Required work
Please restate word for word the lines of the entries below from the one with "7. Click New" to the one with "1962 Sheboygan Falls", inclusive, and leave out every picture.

Dataset
↓↓↓

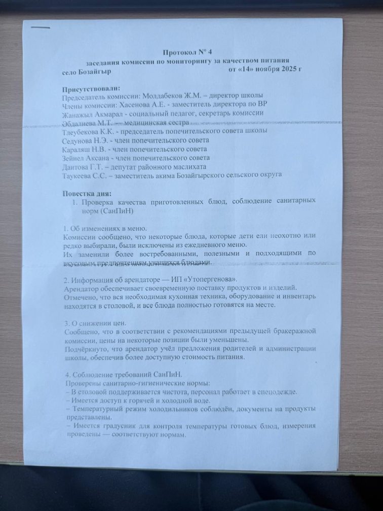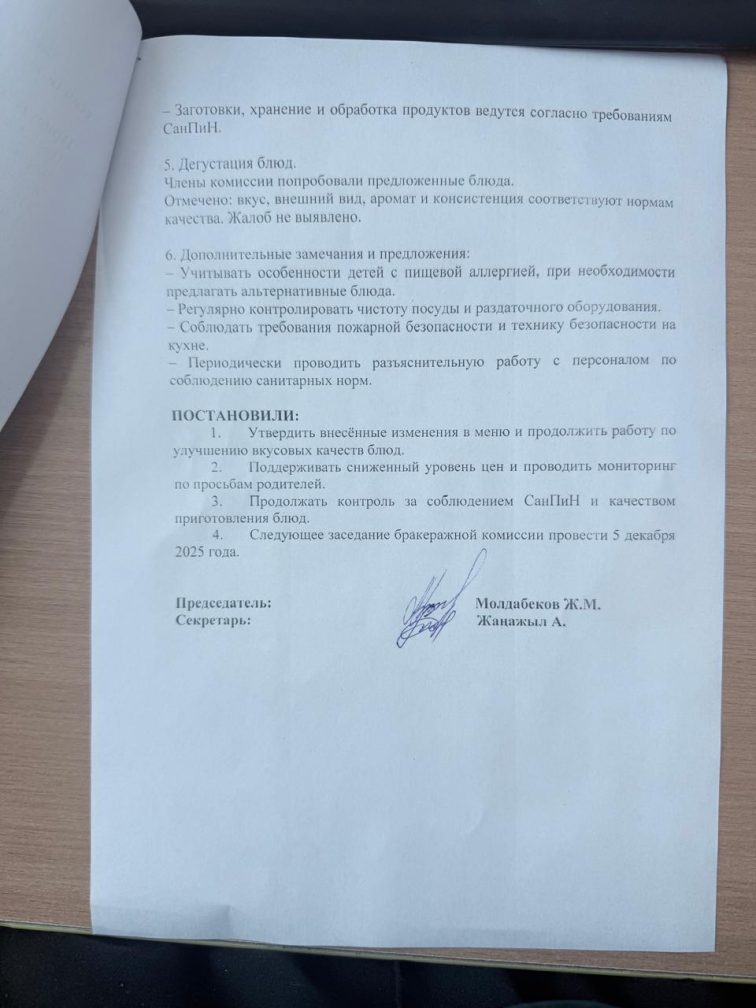 Бүгін мектеп асханасында бракераждық комиссияның жоспарлы тексерісі жүргізілді. Комиссия мүшелері дайындалған тағамдардың сапасын, дәмін, санитарлық талаптарға сәйкестігін және менюдегі өзгерістерді қарап, бағалады. Балалар аз тұтынатын тағамдар менюден алынып, олардың орнына сұранысқа ие, пайдалы әрі дәмді тағамдар енгізілді. Арендатор ИП «Утопергенова» барлық тағамдардың асханада тікелей дайындалатынын, қажетті техника мен жабдықтардың толық екенін атап өтті. Сондай-ақ бұрынғы ұсыныстарға сәйкес кейбір тағамдардың бағасы төмендетілген. Комиссия мүшелері тағамдарды татып көріп, сапасының жақсы екенін атап өтті. СанПиН талаптары орындалуда, температуралық режим тексерілді. Мектеп асханасында балалардың қауіпсіз әрі сапалы тамақтануы тұрақты бақылауда!
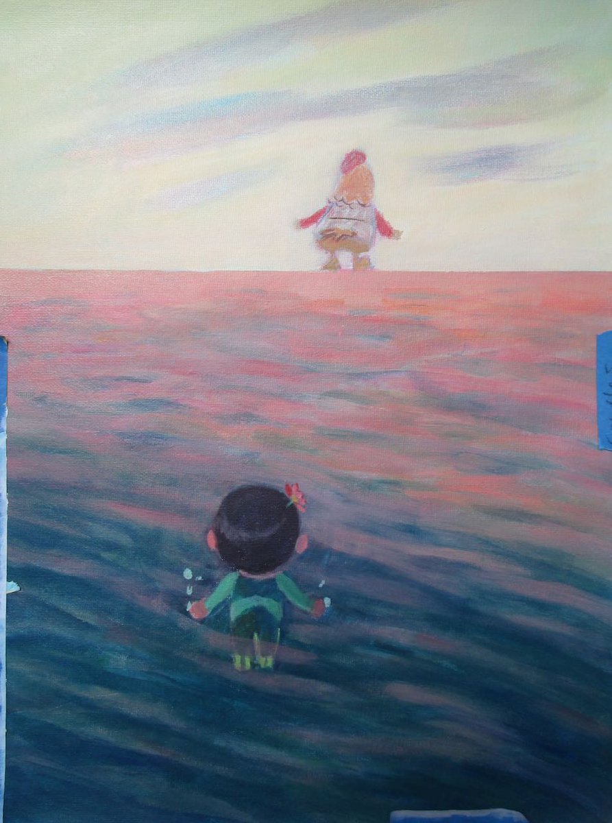 この波紋を描く根気がないと思いましたが、ため息をつきながら何とか描き上げました。アクリル画だからCGみたいな透明感のある美しさがないのが残念。Doesn't look like a sparkly CG, but this is my interpretation. #AnimalCrossing #ACNH #どうぶつの森 #どう森 #どう森美術部 #絵 #イラスト twitter.com/KazumiSeattl…
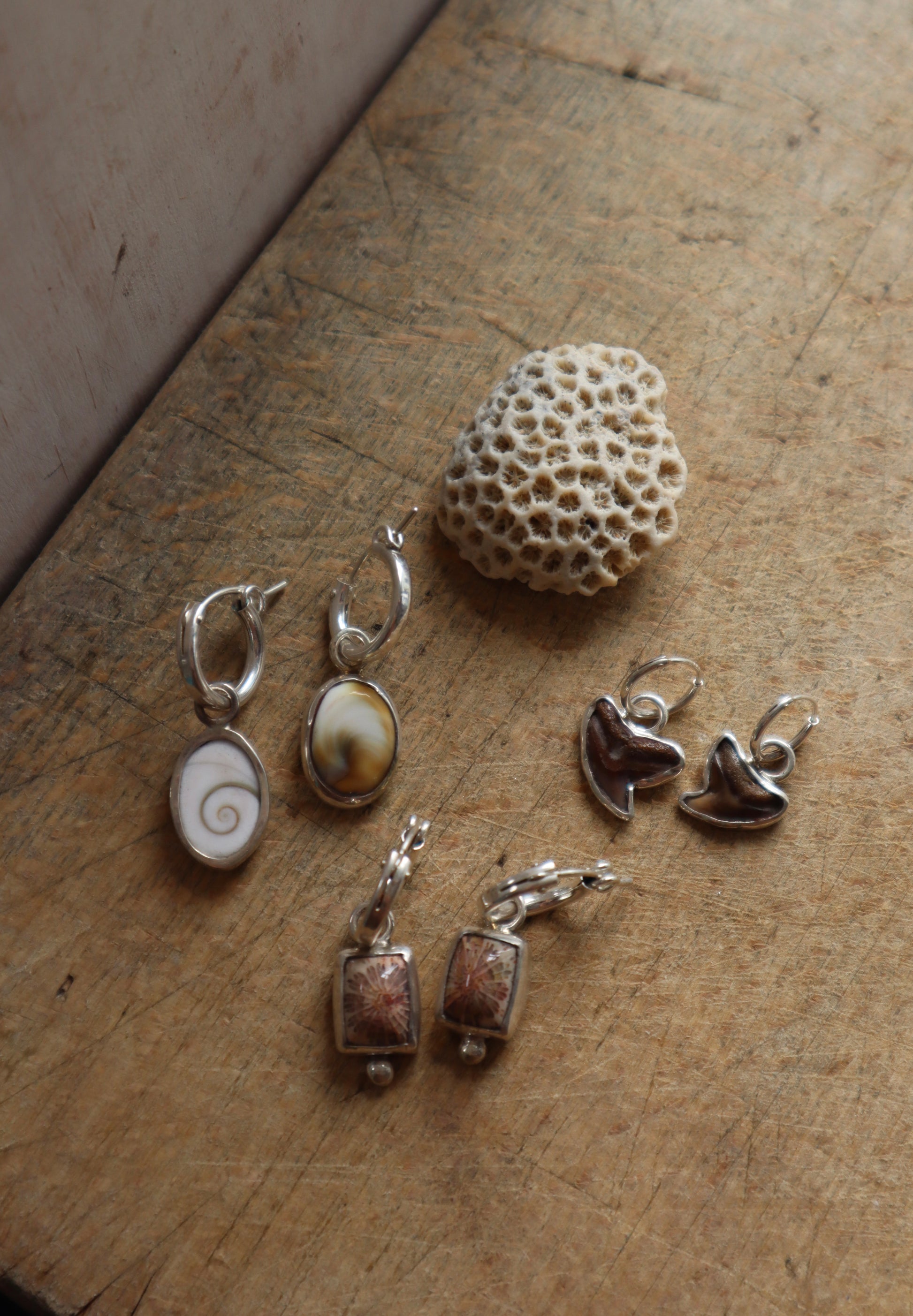 Handcrafted with 925 sterling silver and baby fossilised shark teeth, creating the perfect everyday earring that sits comfortably and securely in you ear.
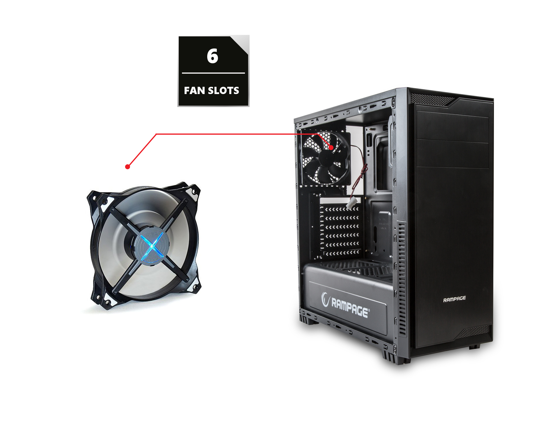 Nie zapomnieliśmy o wydajnym chłodzeniu, obudowa została wyposażona w aż 6 gniazd na wentylatory:
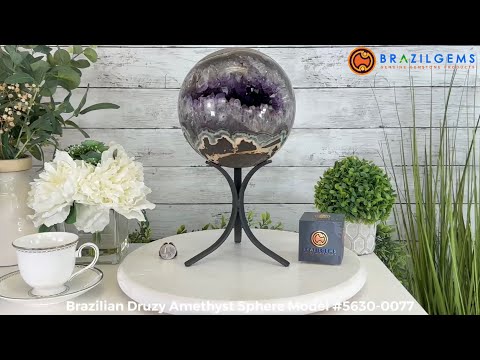 Brazil Gems® brings you this Brazilian Druzy Amethyst Sphere on a black metal stand. Beautifully crafted from a larger geode, this polished piece will become a conversation starter every single time.
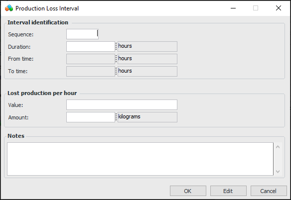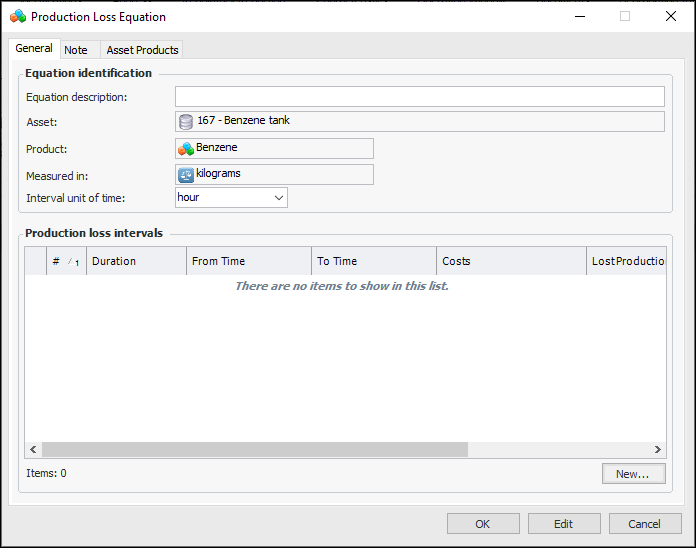 7. Click New to create a production loss interval. The Production Loss Interval dialog appears. In this example, the cost equation is for both monetary and production units.
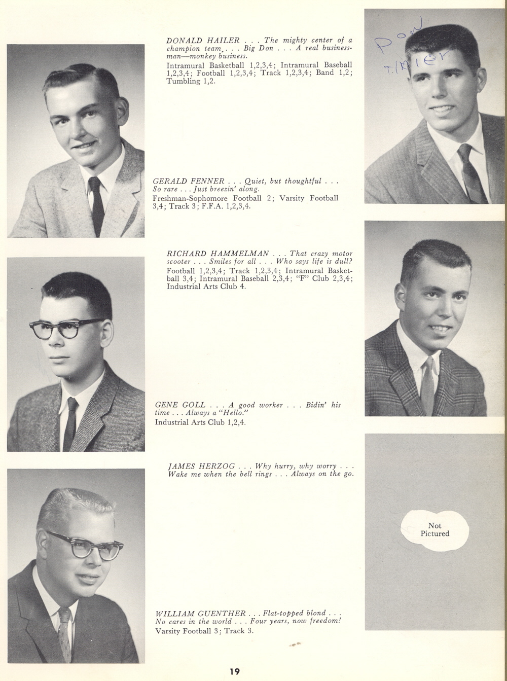 1962 Sheboygan Falls High School, Page 19: Gerald Fenner, Gene Goll, William Guenther, Donald Hailer, Richard Hammelman, James Herzog.
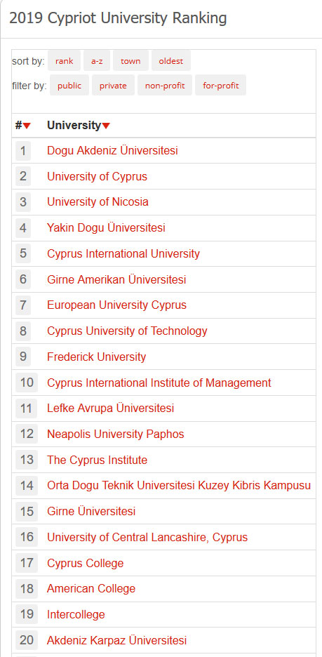 Rather than using data provided by universities, uniRank used valid and unbiased web metrics provided by independent web information sources to form a non-academic league table of the best Cypriot universities. EMU is at the top of the 2019 Cypriot University Rankings compiled according uniRank criteria. In the same rankings, EMU is followed by the University of Cyprus and the University of Nicosia from South Cyprus.
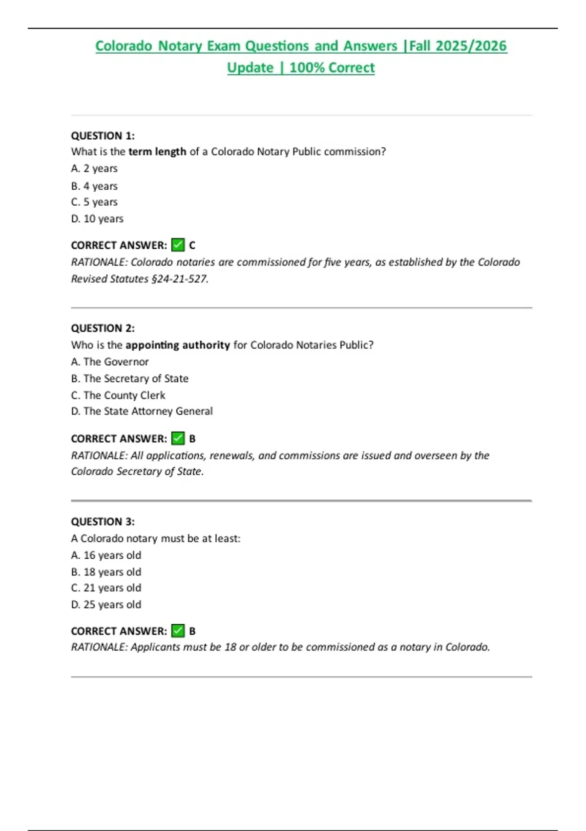 Colorado Notary Exam Questions and Answers |Fall 2025/2026

↑↑↑

Expected output
 7. Click New to create a production loss interval. The Production Loss Interval dialog appears. In this example, the cost equation is for both monetary and production units.
 1962 Sheboygan Falls High School, Page 19: Gerald Fenner, Gene Goll, William Guenther, Donald Hailer, Richard Hammelman, James Herzog.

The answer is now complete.